The top of the bistro table had a dark walnut finish. The (I would assume) polyurethane finish had cracked and flaked from years of neglect and the legs were dirty and sad.

First I started by sanding the top down, obliterating the polyurethane coat and wiping out the stain. It’s important to note, whenever you’re sanding a piece of furniture and you don’t know where it came from (or even if you do) WEAR A DUST MASK AND PROTECTIVE EYEWEAR. You don’t want to breathe in any microscopic fibers because you will get chlamydia and die. I started with something coarse, like 40, and once all the coats were sanded and I was left with bare wood I went down to 220, just to smooth everything out. Sand with the grain and remember, Kemosabe, it is a slow, tedious process, that sanding is. If your arms feel like they’re going to pop off at the joint, rot and wither away, you’re doing it right.

I wish I had taken pictures of the whole process, but I’m new to this whole blogging thing and didn’t think about it in advance. I promise I’ll get better as this thing goes on.
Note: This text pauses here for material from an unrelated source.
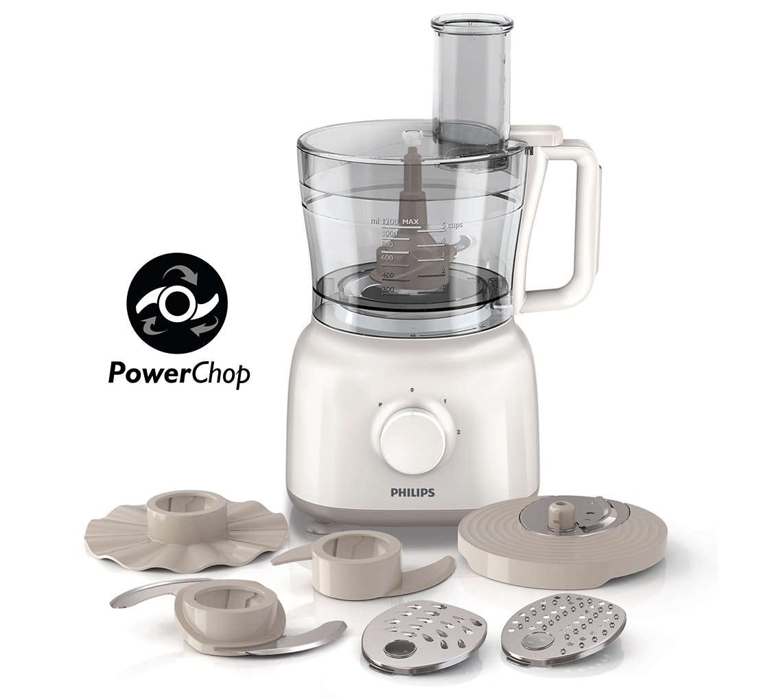 | Silnik o mocy 650 W zapewnia dużą moc miksowania Ten robot kuchenny firmy Philips ma silnik o dużej mocy, dzięki czemu zapewnia moc i funkcje przydatne podczas przygotowywania ulubionych dań. |

Next was a fresh coat of black paint. I went with Behr’s high gloss outdoor paint. It was a primer/sealer all-in-one and since I’m lazy that seemed like the best bet. You can start with a interior matte black but you’ll need to seal it with a top coat, and for what I needed to do it didn’t seem worth it.

IMG_3774

De-lush-us!

The day I was ready to paint it started to rain so I moved the whole operation inside, which just goes to show anyone can do this, even if you don’t have outdoor space. Just make sure your apartment is well ventilated otherwise you’ll start to see dancing elk on your ceiling and you’ll wake up with a wicked hangover.
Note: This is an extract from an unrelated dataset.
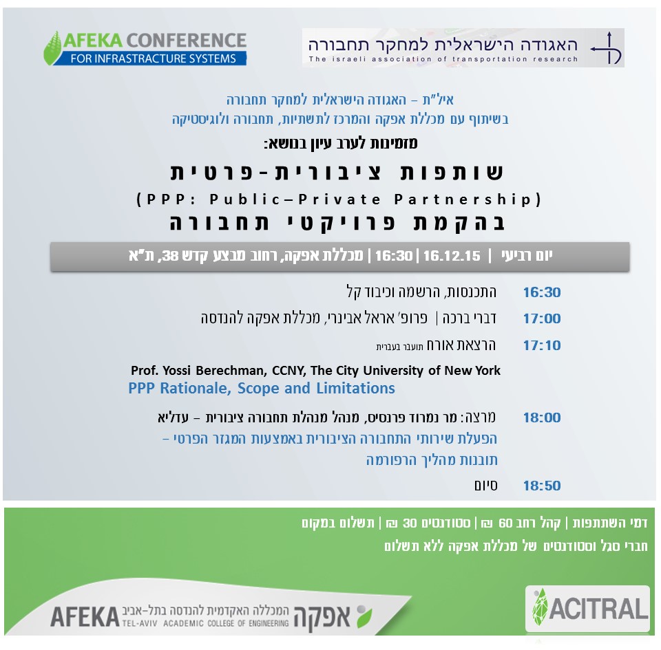 ערב עיון בנושא שותפות ציבורית-פרטית בפרויקטי תחבורה:

I let the table dry for a whole day before applying a second coat. After the second coat I let it dry for another day. I wanted to make sure the thing was good and dry and sealed and ready before I threw it out there to brave the elements. Here’s the final result:

photoIt’s not a huge change but for 15 bucks and little elbow grease I couldn’t have asked for more. The whole endeavor was only a few hours of work and it’s made for a classier, more elegant patio space. And it was just enough to assuage the fear I’d be wasting my resources should I move and have to give it all up sooner than expected.